Don't burn those shrunken-value stock options just yet


March 11, 2001|By EILEEN AMBROSE

A YEAR AGO when the market was hot, many workers were happy to accept lower pay as long as it came with generous stock options.

Options allow employees to buy, usually over 10 years, a certain amount of their employer's stock for a set price. Some workers, particularly those at high-flying, high-tech companies, got rich by purchasing company stock for far less than what it was trading for on the open market.

But now the market has lost steam. Many workers see that their options are worth a lot less today and may wonder what to do.

Financial experts say there are some option strategies to take in a down market. The best move for you, though, depends on your company's prospects, when the options expire, and many other variables.

The first step is to know whether you have nonqualified or incentive options.

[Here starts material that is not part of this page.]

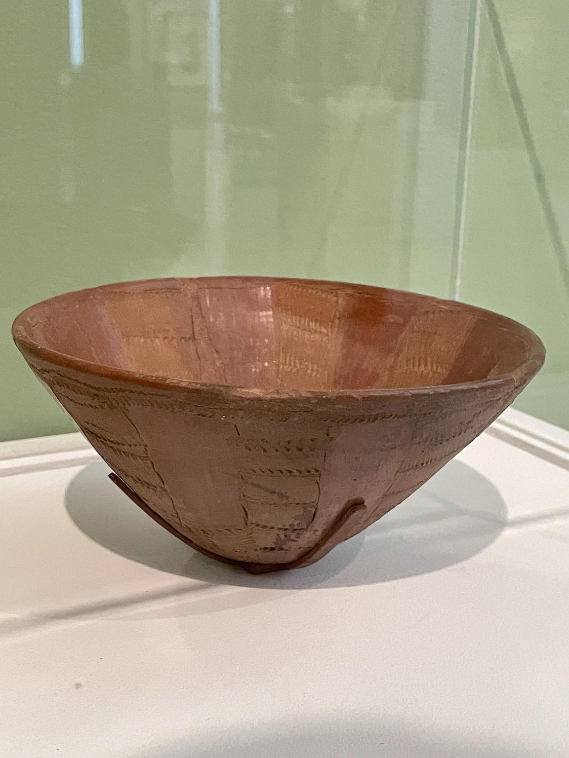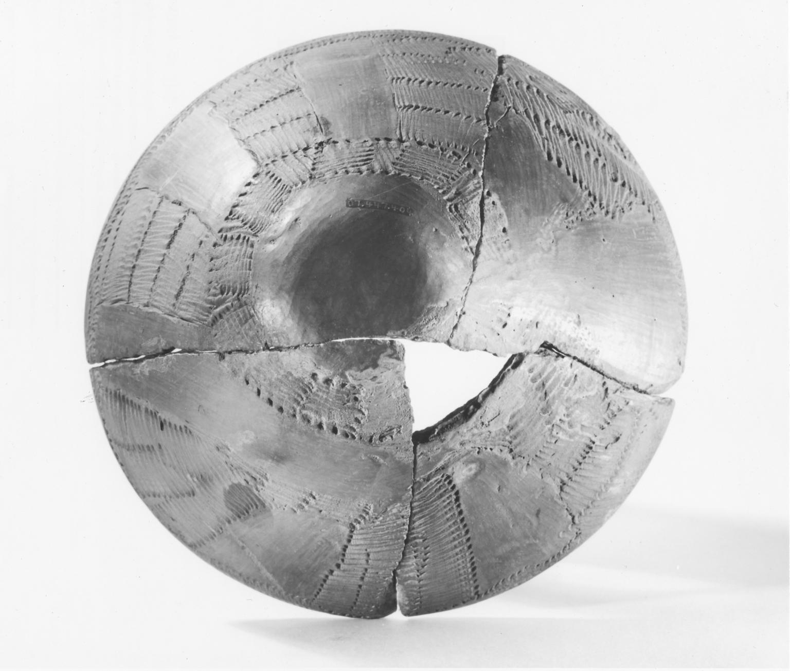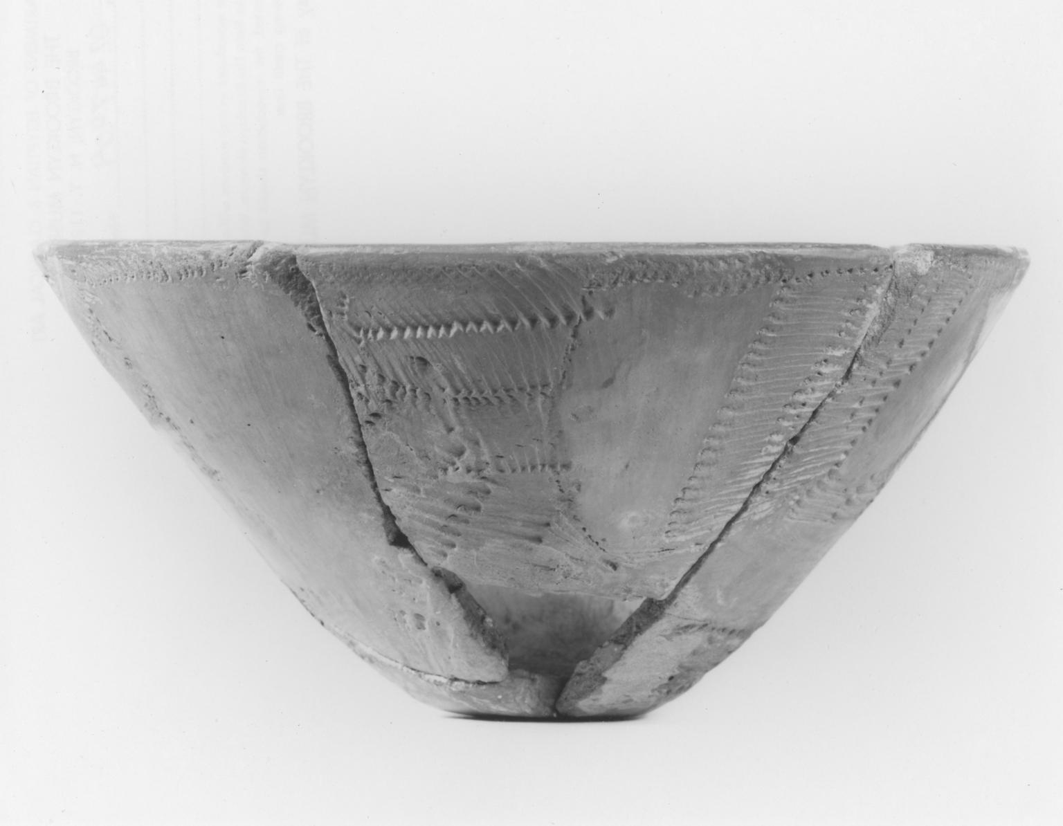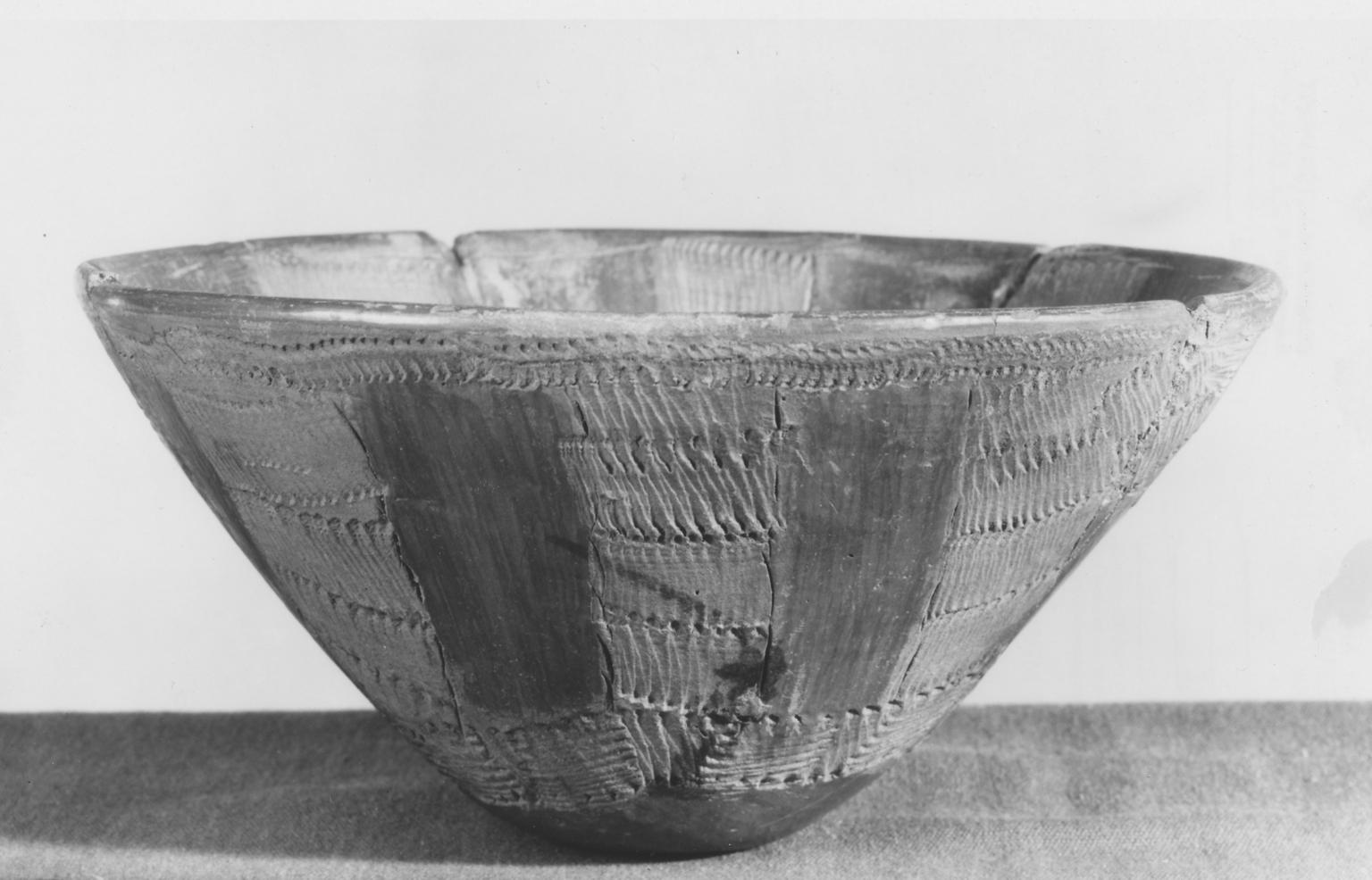 Egyptologists are not certain whether this bowl from an Upper Egyptian grave was made by a Nubian or an Egyptian. The zigzag patterns created by the use of rocker stamps and the alternation of polished and impressed panels reflect Nubian traditions of pottery decoration. Perhaps it was an Egyptian reproduction of the Nubian style.

Rank-and-file workers generally receive nonqualified options. When exercising these options - or, rather, when you buy the stock - the difference between what you paid and the stock's current market price is treated as ordinary income and taxed as such.

Keep the stock for at least a year and, when you eventually sell it, you will owe long-term capital gains tax on any appreciation above the market price of the stock on the day you exercised the option.

Incentive options tend to be awarded to upper management. These options don't trigger income tax when exercised. You're taxed when you sell the shares - either at your ordinary income rate or at the capital gains rate if you hold them long enough.

This can be a big savings, considering the top income tax rate is 39.6 percent and the top long-term capital gains rate is 20 percent.

Something to watch out for: Incentive options can trigger the alternative minimum tax. The AMT, generally 28 percent, was designed to capture the rich who are avoiding taxes. But many less affluent families with options are caught by the tax.

Once you understand the type of options you have, experts recommend some of the following strategies in a down market:

Ride it out. Sure, the market is down now, but if you're options aren't expiring soon, wait out the slump, said Meg VanDeWeghe, executive in residence with University of Maryland's business school.

"All else being equal, the best strategy is to hold them as long as possible," she said.

You still have the opportunity to buy the stock if it goes up later. But by waiting, you don't have to put up money to buy shares and, in some cases, pay income tax, VanDeWeghe said. Meanwhile, that money might be better invested elsewhere, she said.

Of course, there are times to exercise options early, she added. Perhaps you're switching jobs and will forfeit any unexercised options when you leave, or your portfolio has so much company stock that you want to sell some of your option shares and invest the proceeds elsewhere, she said.

Exercise options and sell the shares immediately if you think the stock is overvalued and will tumble before your options expire, she said.

Play the tax advantages. If you must exercise options in a down market, there are some advantages taxwise if it's a stock you want to keep, said Sue Stevens, director of financial planning for Morningstar, a mutual fund tracking firm in Chicago.

If the stock price has fallen, the amount of income you'll gain from exercising nonqualified options will be lower, too, and that means a smaller tax bite, Stevens said. And if the stock is held long term, any future appreciation will be taxed at the lower capital gains rate.

If you have incentive options, you can also exercise more shares before coming up against the AMT, she added.

Give them away. Some companies allow employees to transfer nonqualified options to others, say, children or charities.

This can be a useful tool for those who want to reduce their taxable estate, said Thomas Grzymala, a financial planner with Alexandria Financial Associates Ltd.

Once given away, the options and any future appreciation are out of your estate.

There's an added benefit to giving away options when the stock price is temporarily down, Grzymala said. You can give up to $10,000 a year to another person without triggering gift taxes. But if the stock price is depressed, you can give away more option shares before hitting the threshold than if the price were higher, he said.

Be aware that the new owner controls the options and decides when to exercise them. Also, because these options are considered compensation to you, you will pay whatever income tax is due when the options are exercised, Grzymala said.

Ask for more. "If you really believe in the company's prospects, you should be actually trying to get more options," said David Gumpert, author of "Better than Money: Building Your Fortune Using Stock Options and Other Equity Incentives - in Up and Down Markets."